Press Release  October 1, 2019

Archive or Art: Theaster Gates's First Major US Exhibition Opens

Photos by Bobby Rogers, courtesy Walker Art Center.

Theaster Gates: Assembly Hall at the Walker Art Center, September 5, 2019–January 12, 2020.

MINNEAPOLIS — “How do we deal with abandonment, ruin, decay? How do we start to imagine ourselves as deeper caretakers of the things that exist in the world?” —Theaster Gates

Theaster Gates’s (US, b. 1973) multifaceted practice includes sculpture, installation, performance, and architectural interventions. An important aspect of his work entails reclaiming and revitalizing abandoned buildings in neighborhoods across Chicago’s South Side. These spaces, called Dorchester Projects and the Stony Island Arts Bank, have become catalysts for creative and cultural gatherings, and now serve as repositories for thousands of objects. Taking things that have been cast aside from libraries, archives, and collections, the artist asks us to consider what it means to invest objects with new meanings through the simple acts of conversation, conservation, creation, and care.

Photos by Bobby Rogers, courtesy Walker Art Center.

Theaster Gates: Assembly Hall at the Walker Art Center, September 5, 2019–January 12, 2020.

This exhibition brings a number of Gates’s collections into a museum context for the first time. The Walker’s galleries will be transformed into a Gesamtkunstwerk, or total work of art, which transposes the artist’s vast collections and studio environment into four immersive rooms, each infused with his poetic interventions. Included are selections from 60,000 slides of art/architectural history from the University of Chicago Glass Lantern Slides Collection; 15,000 books and periodicals, furniture, and other ephemera from the Johnson Publishing Company Archives & Collections; 4,000 objects from the Edward J. Williams Collection of “Negrobilia”; and ceramic pots and other wares that the artist has made or collected over the past decade. Taken together, the objects on view speak to what Gates calls “the truth of the everyday” and demonstrate his “deep belief in the objects and histories of African American material culture.”

In 2017 Gates unveiled his first permanent outdoor commission Black Vessel for a Saint (2017) in the Minneapolis Sculpture Garden. Composed of custommade black bricks, the temple-like structure provides a home for a salvaged statue of Saint Laurence, the patron saint of librarians and archivists.

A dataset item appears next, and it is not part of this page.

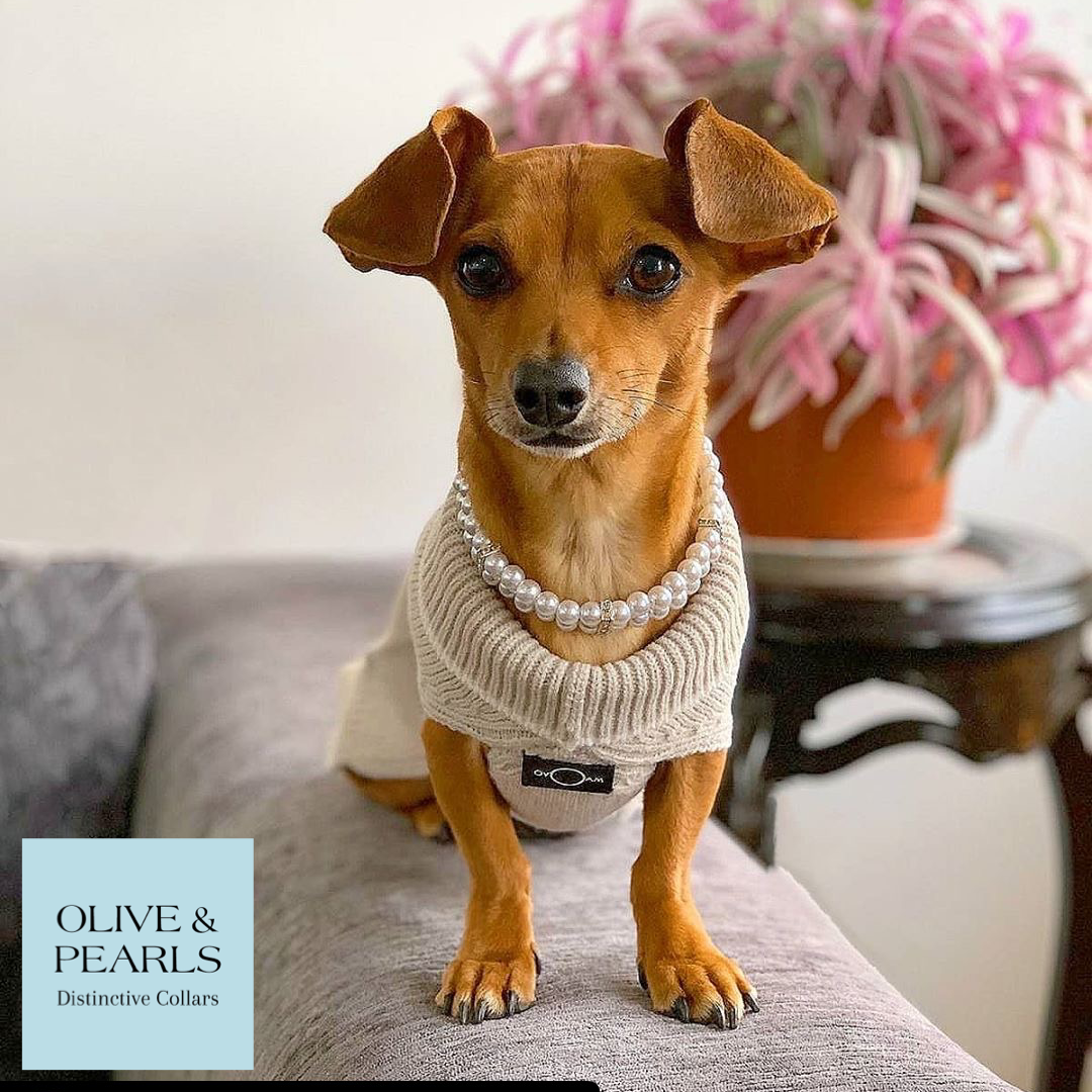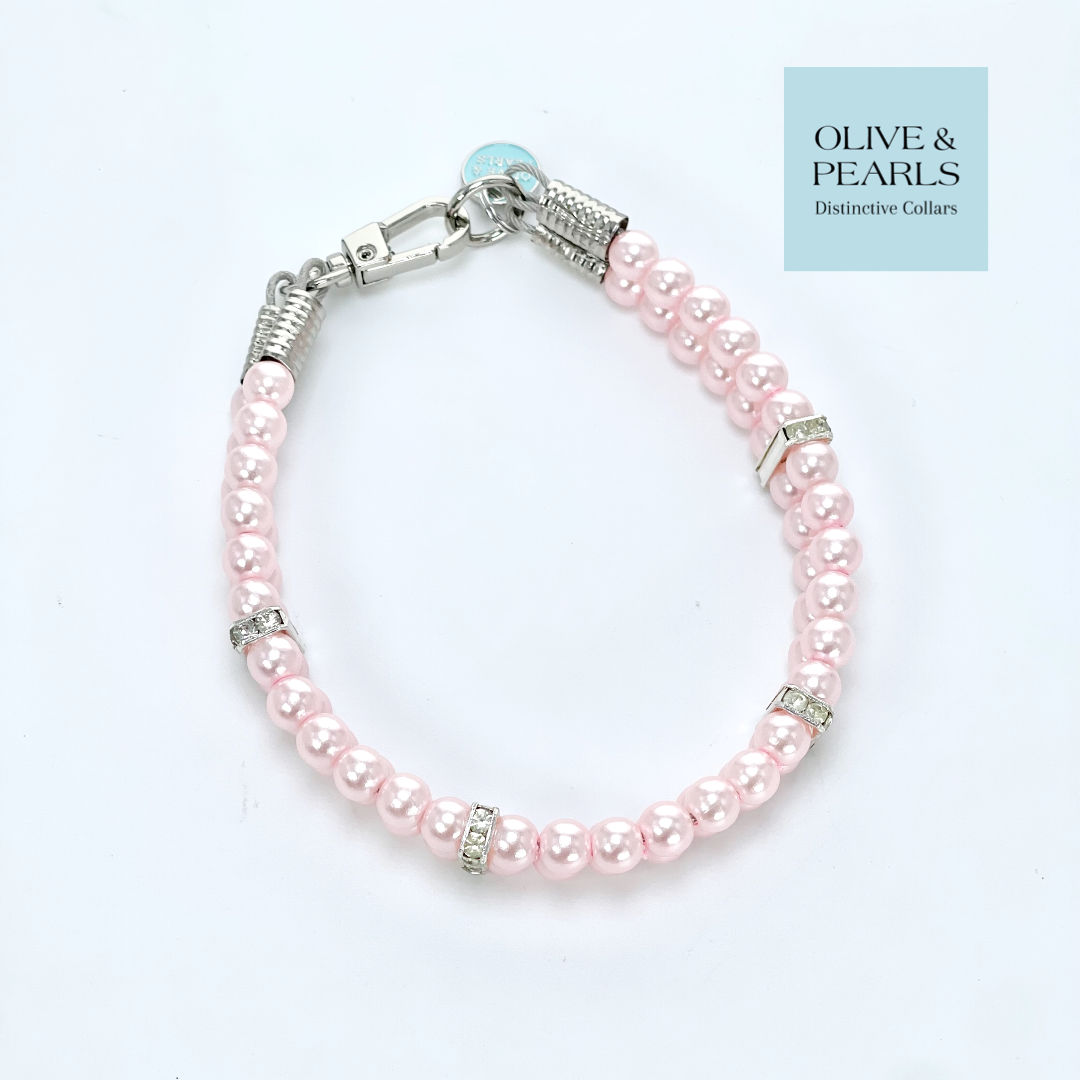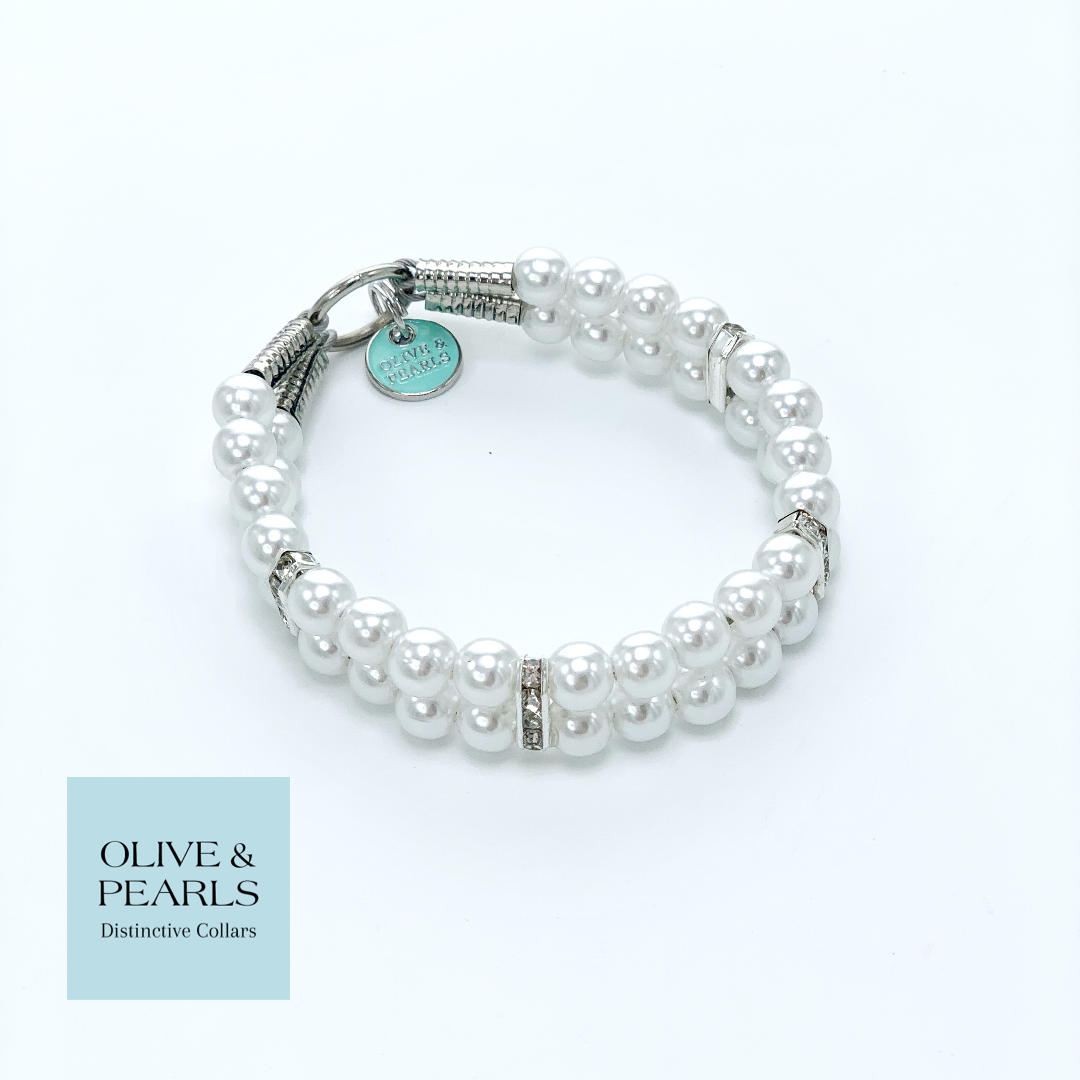 The "Poppy" Pearl Dog Collar, Jeweled Dog Collar is a statement in elegance. Designed with the smaller pups in mind, this collar is only 16mm in height, but still boasts the same strength as our regular sized collars! Two rows of small pearls are beautifully joined together with evenly spaced rhinestone spacer bars. This collar is lightweight and easy to maneuver on and off. It is also leash appropriate and oh so stylish!

Theaster Gates: Assembly Hall is on view September 5, 2019–January 12, 2020 in the Target Gallery.

Photo: Gene Pittman, courtesy Walker Art Center.

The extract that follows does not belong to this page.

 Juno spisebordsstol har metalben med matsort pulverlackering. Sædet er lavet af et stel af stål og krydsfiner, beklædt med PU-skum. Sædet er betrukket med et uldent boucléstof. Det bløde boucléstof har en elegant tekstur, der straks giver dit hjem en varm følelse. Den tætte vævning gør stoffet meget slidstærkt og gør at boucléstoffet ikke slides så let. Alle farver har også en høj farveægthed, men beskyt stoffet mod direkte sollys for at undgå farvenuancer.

Theaster Gates, Black Vessel for a Saint in the Minneapolis Sculpture Garden, 2017.

ABOUT THEASTER GATES
Theaster Gates (b. Chicago, 1973) is an American installation and sculpture artist. He first encountered creativity in the music of Black churches on his journey to becoming an urban planner, potter, and artist. Gates creates sculptures with such materials as clay, tar, and rundown buildings, transforming the raw material of urban neighborhoods into radically reimagined vessels of opportunity. Many of the artist’s works evoke his African-American identity and the broader struggle for civil rights, from sculptures incorporating fire hoses, to events organized around soul food, and choral performances by the experimental musical ensemble Black Monks of Mississippi, led by Gates himself.

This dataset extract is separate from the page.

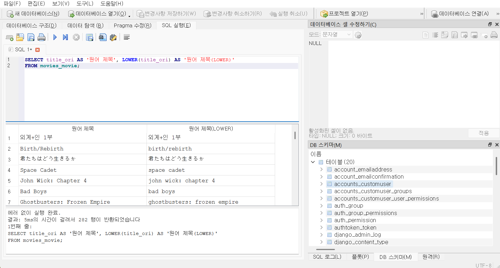 LOWER 함수는 문자열을 소문자로 만드는데, 한국어 제목은 대소문자라는 개념이 없으니, 원어 제목을 사용해 봤다. 비교를 위해 원래의 원어 제목도 나타나게 해 보았다.

Gates has received widespread international recognition for such presentations as Gone Are the Days of Shelter and Martyr at the Venice Biennale (2015) and 12 Ballads for Huguenot House at Documenta 13 (2012). Recent solo exhibitions include The Black Image Corporation at Fondazione Prada, Milan (2018); Black Madonna at Kunstmuseum Basel (2018); and Black Archive at Kunsthaus Bregenz, Austria (2016). He currently serves as a professor at the University of Chicago; an artist in residence at the Getty Research Institute, Los Angeles; and a visiting artist at Colby College, Waterville, Maine.

Apart from the Minneapolis Sculpture Garden, Gates has previously presented several works at the Walker Art Center, including presentations in the 2016 exhibition Question the Wall Itself and the 2014 exhibition Radical Presence: Black Performance in Contemporary Art. He also collaborated on the 2012 performance of Marc Bamuthi Joseph’s red, black & GREEN: a blues.